Breast cancer aggregates in families, with the disease being approximately twice as common in the first-degree relatives of cases as in the general population (Collaborative Group on Hormonal Factors in Breast Cancer, 2001). The higher risk to monozygotic twins of breast cancer cases than to dyzygotic twins of cases suggests that most of this familial clustering is likely to have a genetic basis (Peto and Mack, 2000). However, although several important breast cancer susceptibility genes have now been identified, most of the familial aggregation of breast cancer remains unexplained.
In the 1990s, two important breast cancer susceptibility genes, BRCA1 (MIM 113705) and BRCA2 (MIM 600185), were identified by linkage studies in multiple case families (Miki et al., 1994; Wooster et al., 1995). Germline mutations in these genes confer high lifetime risks of breast cancer and ovarian cancer, together with smaller risks of some other cancer types (Antoniou et al., 2003; Thompson and Easton, 2004). Mutations in these genes are common in families with multiple cases of breast or ovarian cancer, and are present in most families with at least six or more cases (Ford et al., 1998). Population-based studies have estimated that BRCA1 and BRCA2 mutations account for ~15% of the excess familial risk of breast cancer (Peto et al., 1999; Anglian Breast Study, 2000; Dite et al., 2003). Mutations in two other genes, TP53 and PTEN, also confer high risks of breast cancer, but only in the context of rare syndromes. Mutations in the ATM and CHEK2 genes confer more moderate (approximately twofold) risks of breast cancer (CHEK2 Case-Control Consortium, 2004; Thompson et al., 2005), although some mutations in ATM may confer higher risks. In total, the known susceptibility genes have been estimated to account for no more than 25% of the familial aggregation of breast cancer (Easton, 1999), suggesting strongly that other susceptibility genes remain to be identified.

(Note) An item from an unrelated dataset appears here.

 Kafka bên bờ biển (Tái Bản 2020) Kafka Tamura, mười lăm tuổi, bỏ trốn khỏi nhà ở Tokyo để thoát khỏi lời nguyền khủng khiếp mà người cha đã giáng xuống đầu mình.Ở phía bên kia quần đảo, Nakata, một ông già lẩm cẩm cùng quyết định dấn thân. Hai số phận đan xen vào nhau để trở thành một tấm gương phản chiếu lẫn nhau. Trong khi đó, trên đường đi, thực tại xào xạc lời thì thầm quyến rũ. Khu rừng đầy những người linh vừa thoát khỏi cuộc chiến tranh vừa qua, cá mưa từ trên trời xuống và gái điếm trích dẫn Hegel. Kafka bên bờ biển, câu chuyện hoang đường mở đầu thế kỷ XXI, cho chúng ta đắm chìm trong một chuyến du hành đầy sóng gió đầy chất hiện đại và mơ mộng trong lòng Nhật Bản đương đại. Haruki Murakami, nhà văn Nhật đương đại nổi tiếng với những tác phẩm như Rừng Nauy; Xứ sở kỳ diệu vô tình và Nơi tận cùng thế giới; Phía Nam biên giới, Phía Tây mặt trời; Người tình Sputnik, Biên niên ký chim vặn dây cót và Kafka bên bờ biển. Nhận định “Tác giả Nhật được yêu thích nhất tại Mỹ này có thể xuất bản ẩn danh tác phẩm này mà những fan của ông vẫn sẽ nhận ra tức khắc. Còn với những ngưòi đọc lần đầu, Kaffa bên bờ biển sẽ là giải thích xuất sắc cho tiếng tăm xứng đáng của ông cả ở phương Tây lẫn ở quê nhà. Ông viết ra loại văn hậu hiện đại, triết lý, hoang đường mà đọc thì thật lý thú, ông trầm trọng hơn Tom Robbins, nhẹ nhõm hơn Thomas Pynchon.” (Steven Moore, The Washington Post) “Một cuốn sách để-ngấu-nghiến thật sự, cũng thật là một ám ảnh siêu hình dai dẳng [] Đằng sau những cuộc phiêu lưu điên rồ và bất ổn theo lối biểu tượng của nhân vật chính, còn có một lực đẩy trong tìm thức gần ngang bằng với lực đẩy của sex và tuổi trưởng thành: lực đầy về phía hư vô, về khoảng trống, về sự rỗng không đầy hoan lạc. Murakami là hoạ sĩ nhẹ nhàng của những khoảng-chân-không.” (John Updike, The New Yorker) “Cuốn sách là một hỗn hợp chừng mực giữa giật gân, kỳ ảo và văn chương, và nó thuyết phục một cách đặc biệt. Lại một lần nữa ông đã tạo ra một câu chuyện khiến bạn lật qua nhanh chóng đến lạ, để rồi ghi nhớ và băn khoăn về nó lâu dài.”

BRCA1 or BRCA2 mutations are found in the majority of families with six or more cases of breast cancer cases consistent with dominant inheritance (Ford et al., 1998). This suggests strongly that further susceptibility genes are likely to confer smaller risks than BRCA1 and BRCA2 mutations, but the number and characteristics of such genes remains unknown. One model, suggested by a recent segregation analysis (Antoniou et al., 2004), proposes that there are a large number of such genes, each conferring only small risks of the disease. If true, such loci could not be identified through linkage studies. However, it is also possible that there are further loci conferring more substantial risks that could be detected by linkage. To evaluate this possibility, we have conducted a genome-wide linkage analysis in multiple case breast cancer families that are unlikely to be segregating BRCA1 or BRCA2 mutations.

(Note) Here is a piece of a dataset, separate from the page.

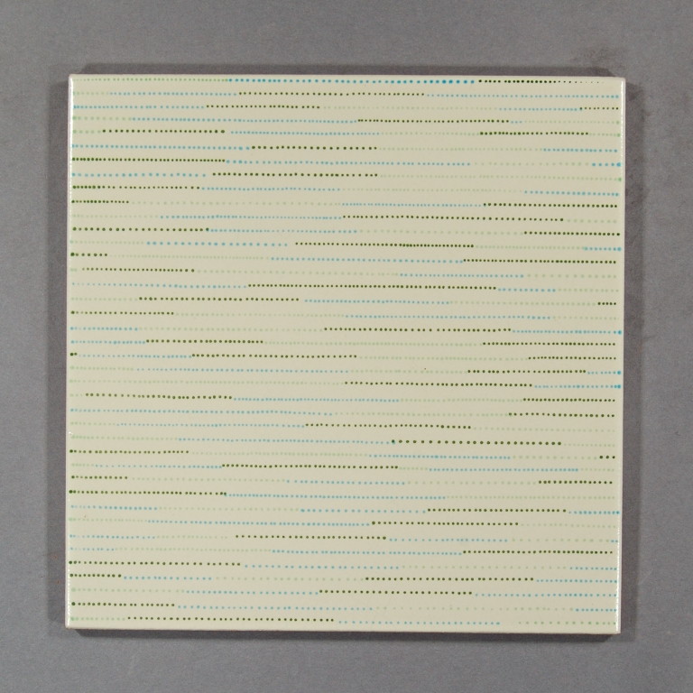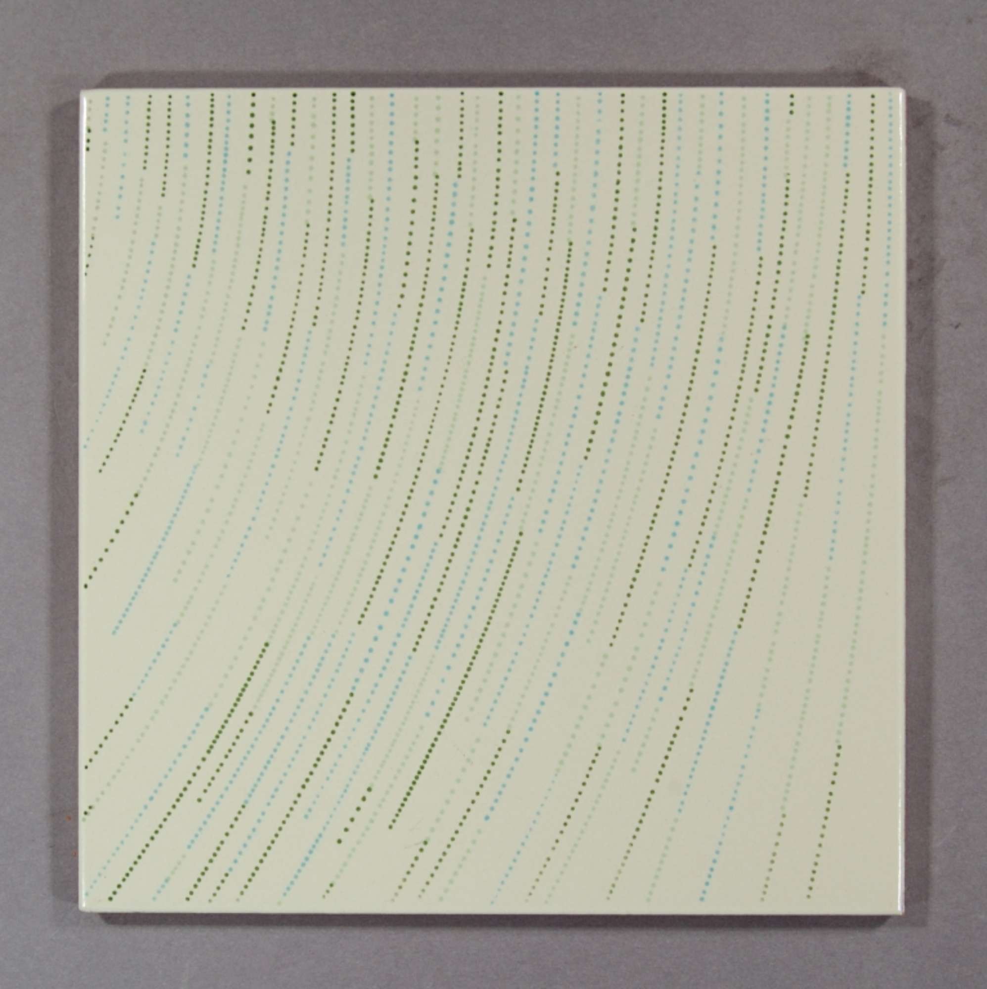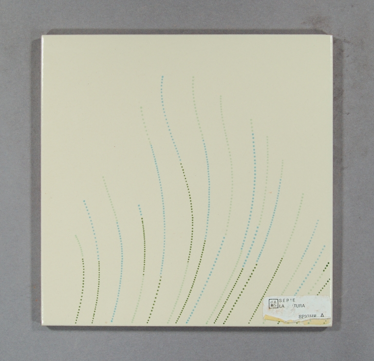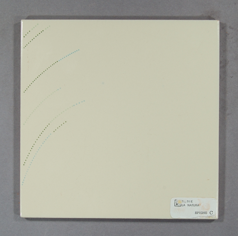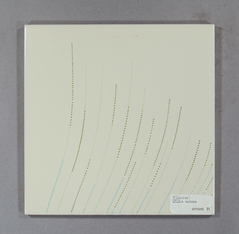 Serie "La Natura – Spighe", 24 piastrelle smaltate a tinta unita di colore beige, 20 delle quali decorate a serigrafia con linee formate da punti di colore azzurro e verde:

As a basis for this linkage study, we sought to identify informative families with a low probability that they contained mutations in BRCA1 or BRCA2. Families were collected independently by four groups, principally through family cancer clinics or epidemiological studies of breast cancer. All families were of Caucasian ancestry. The recruitment of the families used in the study took place over the last 15 years, but all families were regularly updated with regard to their cancer status. All groups obtained appropriate Institutional Review Board approvals. Specific sources of recruitment were as follows:
Families were identified through the Kathleen Cuningham Foundation Consortium for Research into Familial Breast Cancer (kConFaB), which is a national multidisciplinary consortium for research on familial breast cancer (GJ Mann, unpublished). Several families were initially ascertained through the Australian Breast Cancer Family Registry (ABCFS); these kindreds were recruited as part of a population-based case-control-family study and all were recruited via a diagnosis of breast cancer in the proband under the age of 40 years (Hopper et al., 1999). IARC: Families were ascertained by a collaborative group of investigators from the USA, Canada, Australia, and France. Netherlands: The Dutch families were ascertained through the Clinical Genetic Centers in Leiden and Rotterdam, and through the Netherlands Foundation for the Detection of Hereditary Tumors (STOET). United Kingdom: All but 17 of the families were ascertained through clinical genetics centers in the United Kingdom. Two families were initially ascertained in the Netherlands, six from centers in the USA, and nine from Heidelberg, Germany.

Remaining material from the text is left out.